自分で育てるなら甘い果実よりも、ぴりっとしたスパイス系が欲しいな、という事でここ数年はワサビ栽培を続けている。
一昨年ぐらいまでは苗を買っては枯らす、という事を繰り返してきたのだが、昨年から本腰を入れて栽培に取り組んでみた。
今回、採種から苗を育てるまでの年間を通してワサビ栽培(家庭菜園ですが)をしてみた際の知見をここに覚書として書いていこうと思う。

環境温度によって栽培容易さが激変するワサビ

巷の情報では「ワサビ栽培をお手軽にやってみましょう」という感じで書かれている事が多いような気がする。が、自分がやってみた経験から言えば、季節によって栽培容易さの振れ幅が大きいのがワサビ、と断言できる。


冬~GWまではイージーモード

1月~2月ぐらいにホームセンターなどでワサビの苗が売り出されます。
手始めはそれを購入して、葉ワサビ栽培を目指した方が良いようだ。


GW以降夏越しはスーパーハードモード

平均温度が25℃を超えると軟腐病などが発生しやすくなり、夏越しをするのが途端に難しくなる。ワサビ栽培が難しい、と言われているのは主にこの部分だと思う。
栽培している場所に湧き水などが湧いていれば、夏越しも簡単だと思う。


種を残す

苗を早春ぐらいのタイミングで買った場合、春先(3月末~GWくらい)に花芽が出る。

次年度以降もワサビ栽培にチャレンジしたいのであれば、種取りはしておいた方が良い。というのも、ワサビ苗は条件が良いタイミングだと結構高額(398円~)だからだ。
(GW近くになると割引価格で購入できるかもしれないが、そのから収穫できる大きさになるまで育てる前に、気温が高くなるので、おそらく上手く行かない)
葉ワサビや茎ワサビをコンスタントに楽しみたいのであれば最低7~8株ぐらいは欲しいから是非来年度のために種取りをしておこう。

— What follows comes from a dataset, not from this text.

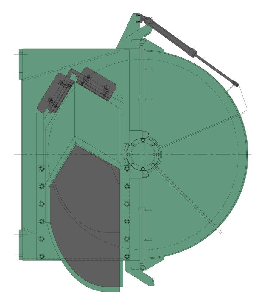 The Progress Industries “No-Slot” chipper is the newest addition to a growing line of wood utilization equipment. The “No-Slot” chipper is a combination of old principles and new ones. It is a new concept, which incorporates years of research and engineering experience. The disc used in the “No-Slot” is only 76 in. in diameter, but it will chip log sizes greater than a standard 104 in. disc chipper as used in the industry today.

種については書籍によれば種が出来る中ごろの時期が良い、と書かれていたが、自分的にはどの時期でも問題ないようだ。
(後述するように、冷蔵庫保管であれば採取した種はほぼ発芽した)

ワサビの種は寒い所に置いて休眠させる必要がある。種を湿らせた新聞紙にくるみ、穴を開けたビニール袋に入れて冷蔵庫に保管する。
文献によると三か月ほど保管すればほぼ発芽するらしいが、今回は半年ほど冷蔵庫に放置して、自然に発芽するまで待った後、根が生えてきた種から順次栽培用土に植え付けた。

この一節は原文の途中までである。